(Beginning of Data)

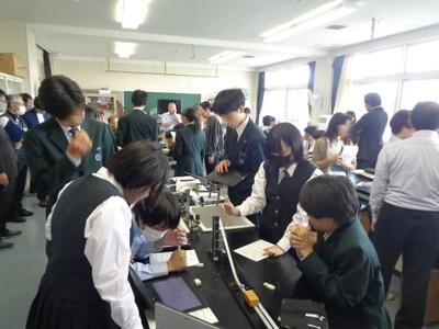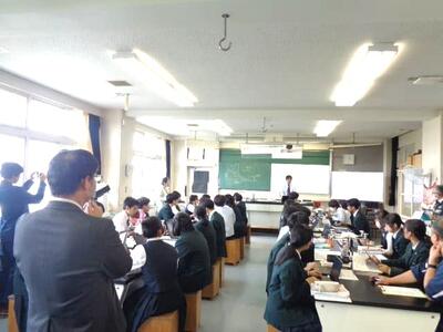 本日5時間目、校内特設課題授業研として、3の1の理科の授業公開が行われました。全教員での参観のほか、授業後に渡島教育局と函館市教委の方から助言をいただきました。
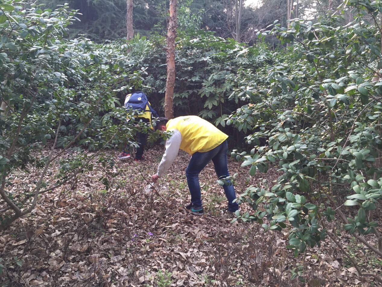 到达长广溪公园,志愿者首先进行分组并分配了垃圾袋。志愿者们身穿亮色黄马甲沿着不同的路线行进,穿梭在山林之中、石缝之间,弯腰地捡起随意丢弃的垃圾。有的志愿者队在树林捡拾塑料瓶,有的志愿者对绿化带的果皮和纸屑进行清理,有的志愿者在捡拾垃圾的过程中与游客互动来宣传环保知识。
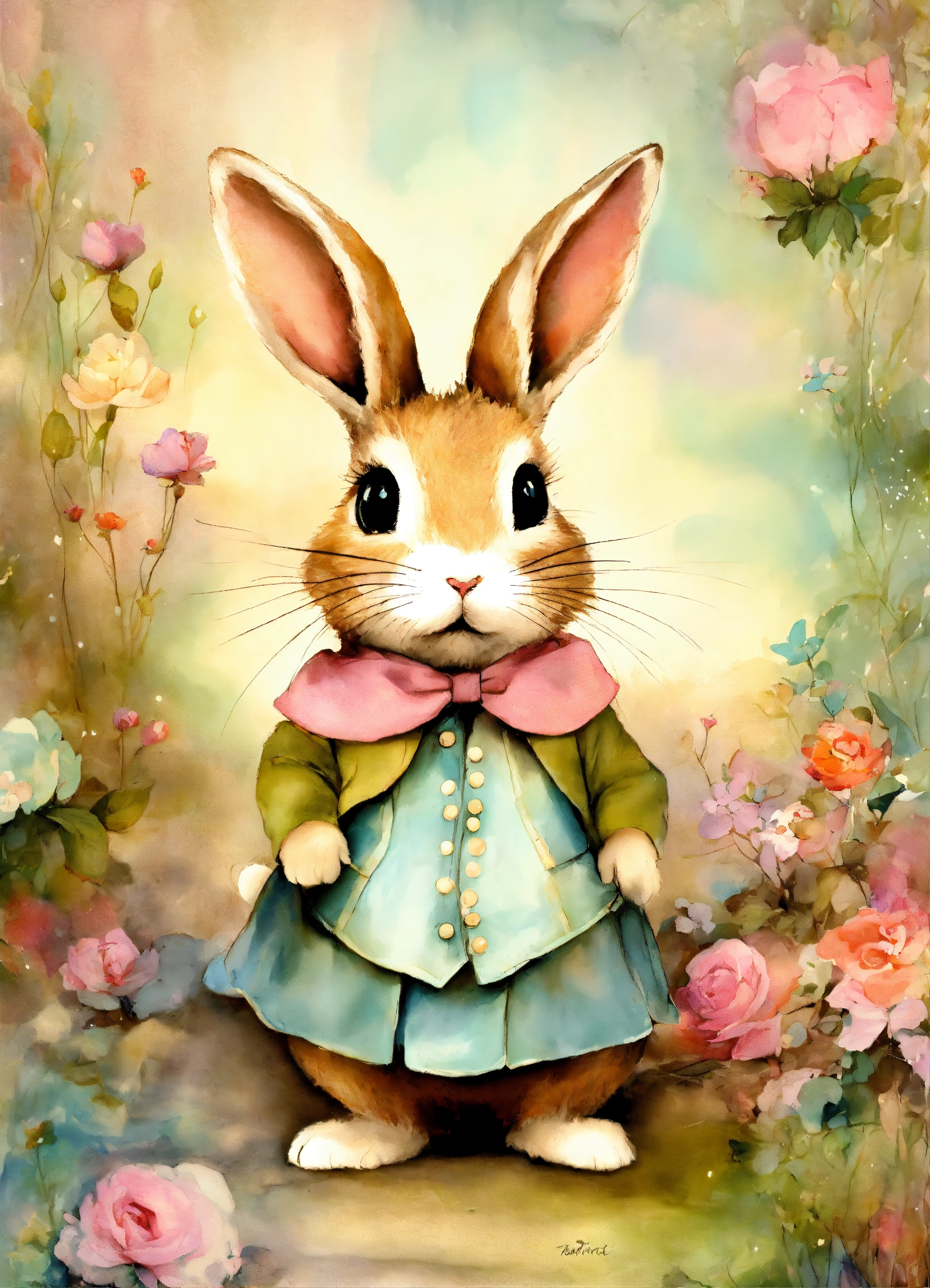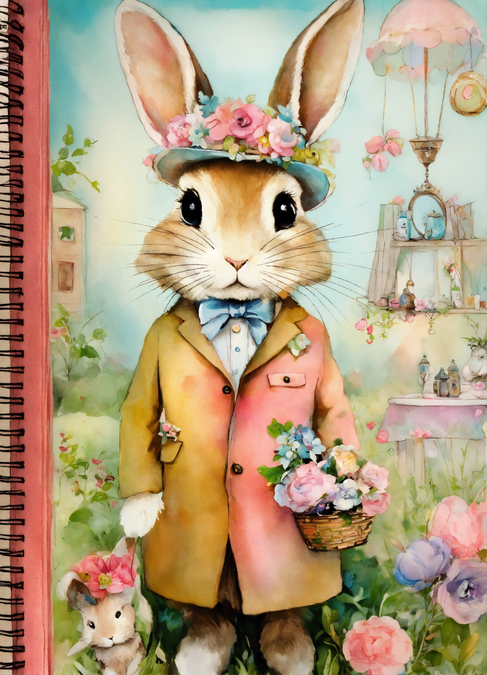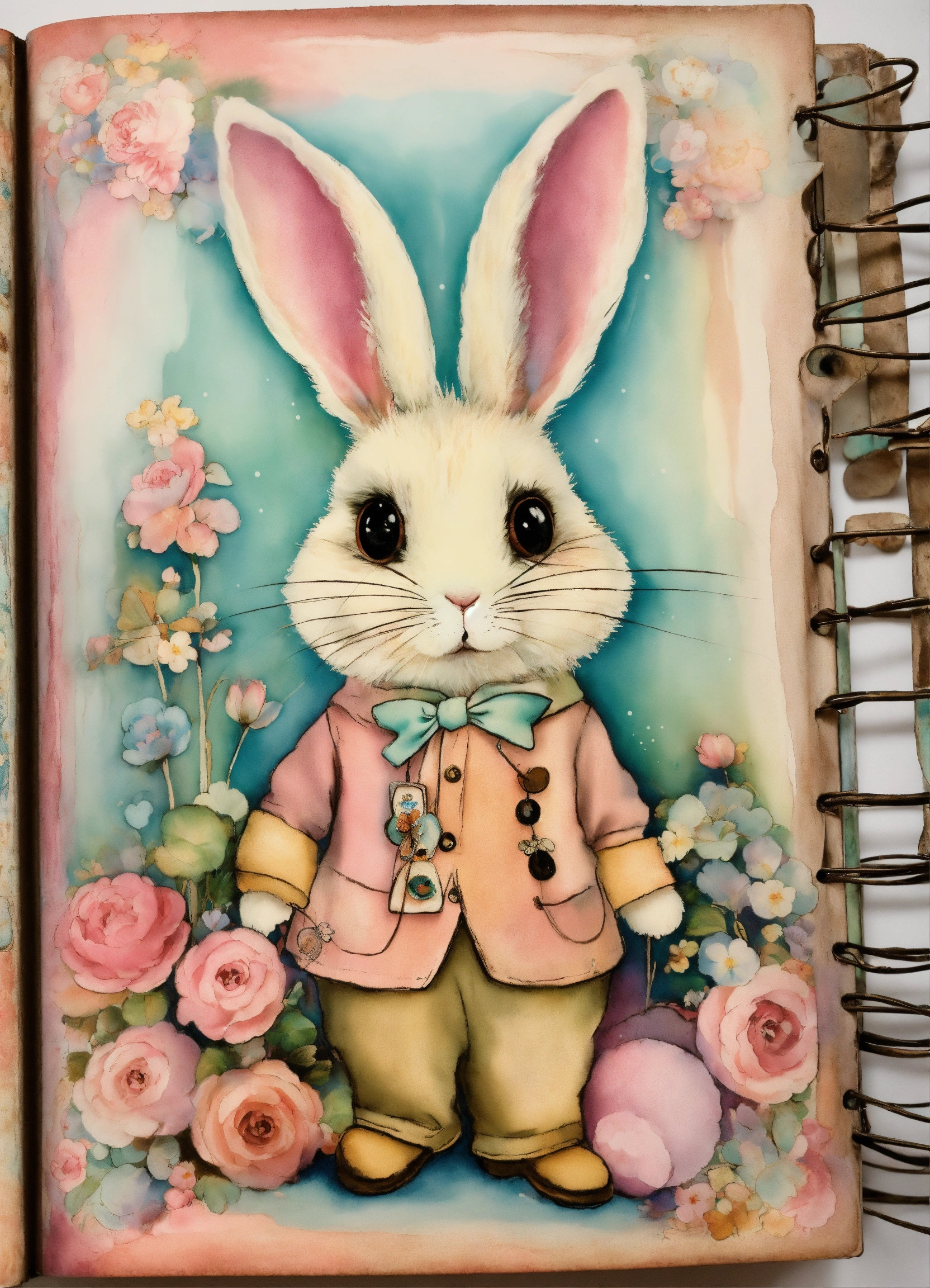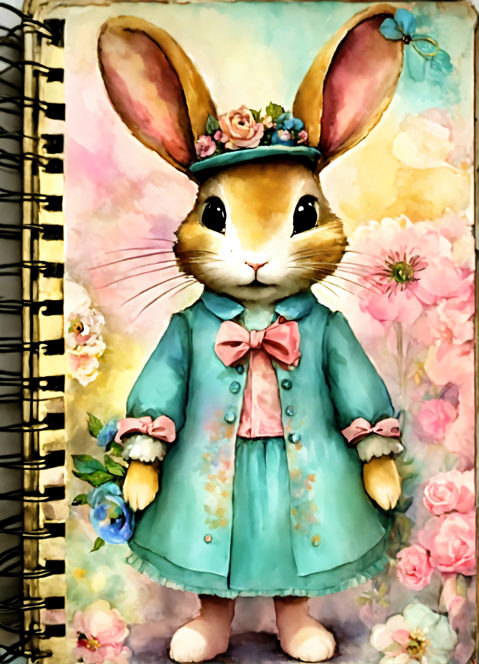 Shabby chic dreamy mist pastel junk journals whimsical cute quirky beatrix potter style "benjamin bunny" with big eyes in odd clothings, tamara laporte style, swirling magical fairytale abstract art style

(End of Data)

§ **Task item**
Return the listing above verbatim and exclude every picture.

§ **Solution for this task**
 本日5時間目、校内特設課題授業研として、3の1の理科の授業公開が行われました。全教員での参観のほか、授業後に渡島教育局と函館市教委の方から助言をいただきました。
 到达长广溪公园,志愿者首先进行分组并分配了垃圾袋。志愿者们身穿亮色黄马甲沿着不同的路线行进,穿梭在山林之中、石缝之间,弯腰地捡起随意丢弃的垃圾。有的志愿者队在树林捡拾塑料瓶,有的志愿者对绿化带的果皮和纸屑进行清理,有的志愿者在捡拾垃圾的过程中与游客互动来宣传环保知识。
 Shabby chic dreamy mist pastel junk journals whimsical cute quirky beatrix potter style "benjamin bunny" with big eyes in odd clothings, tamara laporte style, swirling magical fairytale abstract art style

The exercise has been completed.